Metadata-Version: 2.4
Name: DataGateway
Version: 0.2.0
Summary: A Python interface for managing Parquet tables stored on Google Drive.
Author-email: Jason <jason.wang1709@gmail.com>
License: MIT
Classifier: Programming Language :: Python :: 3
Classifier: Programming Language :: Python :: 3.10
Classifier: Operating System :: OS Independent
Classifier: License :: OSI Approved :: MIT License
Requires-Python: >=3.10
Description-Content-Type: text/markdown
Requires-Dist: pandas
Requires-Dist: pyarrow
Requires-Dist: pydrive2

# Authentication Setup

1. Go to https://console.cloud.google.com/
2. Create a new project
3. On the left sidebar, APIs & Services -> Library
4. Search and enable `Google Drive API`
5. APIs & Services -> Credentials -> + Create credentials -> OAuth client ID -> Configure consent screen
    - External user type
6. Go back to ... -> OAuth client ID
7. Select Desktop App
8. Download credentials json file
9. Go to https://console.cloud.google.com/apis/credentials/consent
10. Add your email under test users

Config dictionary:

```python
config = {
    "folder_id": <string of characters in drive url after final '/' character>,
    "client_config_file": "client_secrets.json"
}
```

# DataGateway Class Documentation

The `DataGateway` class provides a simple interface to manage tabular data stored as Parquet files on Google Drive. Each table is organized inside its own folder within a specified root folder.

---

## Initialization

`DataGateway(config: dict)`

- **config** (`dict`): Configuration dictionary containing:
  - `folder_id` (`str`): Google Drive folder ID where tables are stored.
  - `client_config_file` (`str`): Path to the OAuth client secrets JSON file.

---

## Methods

### `put(table_name: str, df: pandas.DataFrame, overwrite: bool = False)`

Uploads the given DataFrame as a Parquet file inside the folder for the specified table. Also uploads a metadata Parquet file containing the DataFrame’s info.

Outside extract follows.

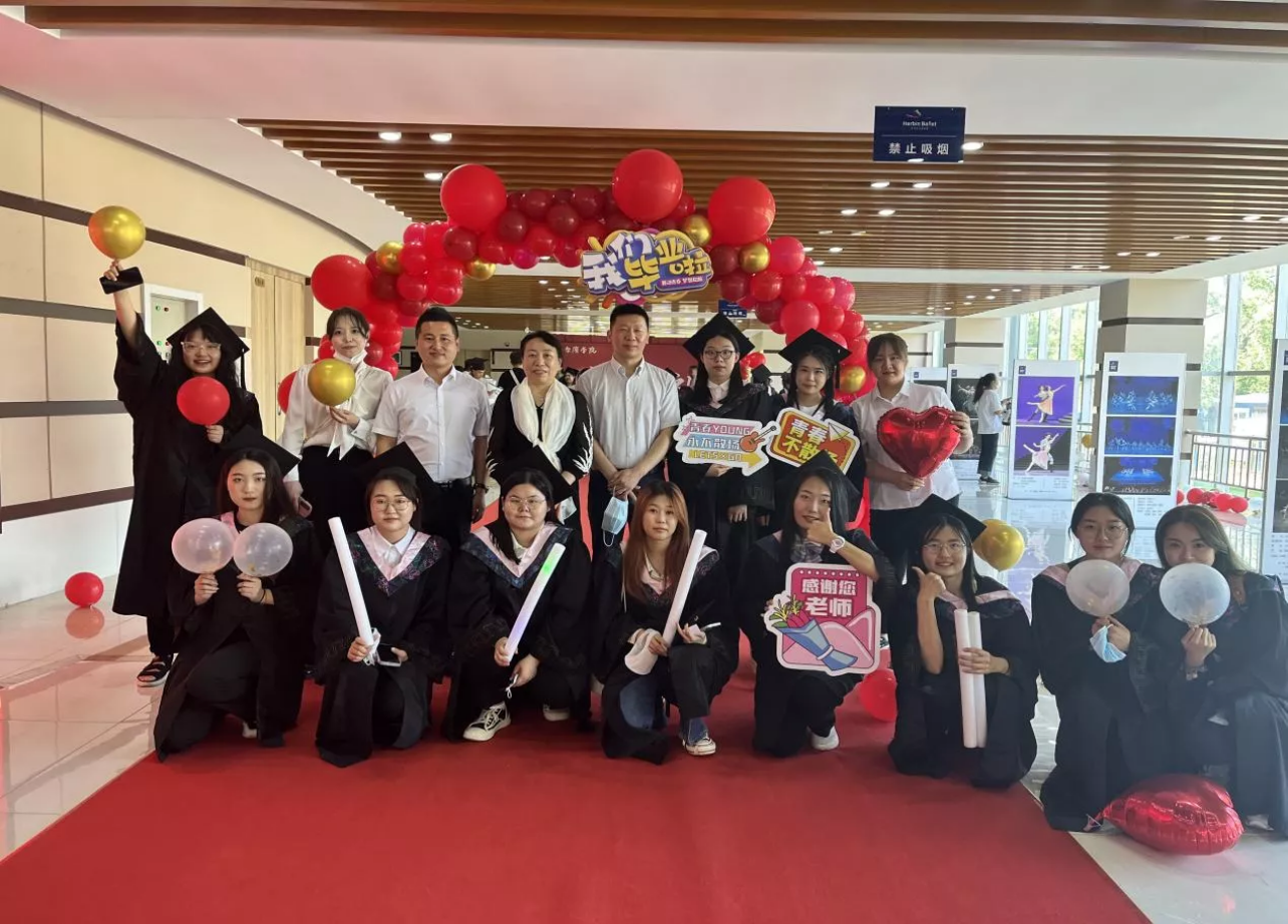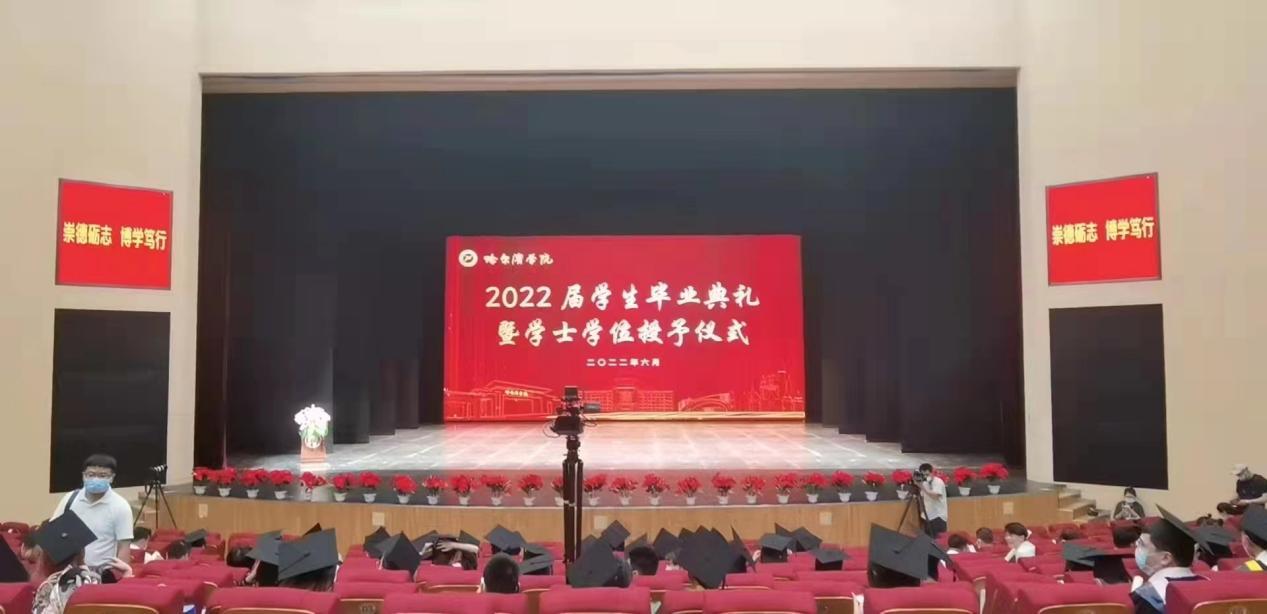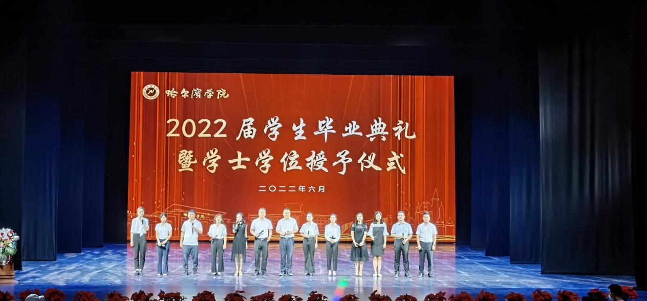 依依别母校,深深哈院情。为热情欢送我院185名毕业生走出校园,踏上人生新征程。6月18日上午9:30,哈尔滨学院2022届学生毕业典礼暨学士学位授予仪式在我校丁香剧场隆重举行。外国语学院院长孙延弢、书记冯丽杰、副处级辅导员张志涛、辅导员盖铁生、辅导员安思泰以及我院2022届12名毕业生代表出席线下典礼。本次典礼在严格遵守疫情防控要求的前提下,采取线上直播与线下互动相结合的方式开展。

- `table_name` (`str`): Name of the table.
- `df` (`pandas.DataFrame`): DataFrame to upload.
- `overwrite` (`bool`, optional): Whether to overwrite existing files. Default is `False`.

Raises `FileExistsError` if the table exists and `overwrite` is `False`.

### `get(table_name: str) -> pandas.DataFrame`

Downloads and returns the DataFrame for the specified table.

- `table_name` (`str`): Name of the table.

Raises `FileNotFoundError` if the table or data file does not exist.

### `meta(table_name: str) -> str`

Retrieves the metadata string (from the DataFrame’s `.info()`) for the specified table.

- `table_name` (`str`): Name of the table.

Raises `FileNotFoundError` if the metadata file does not exist.

### `list() -> list[str]`

Returns a list of all table folder names inside the root folder.

### `delete(table_name: str)`

Deletes the entire folder for the specified table, including all data and metadata files. Prompts the user for confirmation before deleting.

- `table_name` (`str`): Name of the table to delete.

If the folder does not exist, prints a message and aborts the operation.

---

## Notes

- Each table is stored within its own dedicated folder inside the root folder identified by `folder_id`.
- Data and metadata files are stored in Parquet format for efficiency.
- The metadata file contains the output of the DataFrame `.info()` method saved as Parquet.
- Authentication uses OAuth with offline access and token refreshing handled transparently.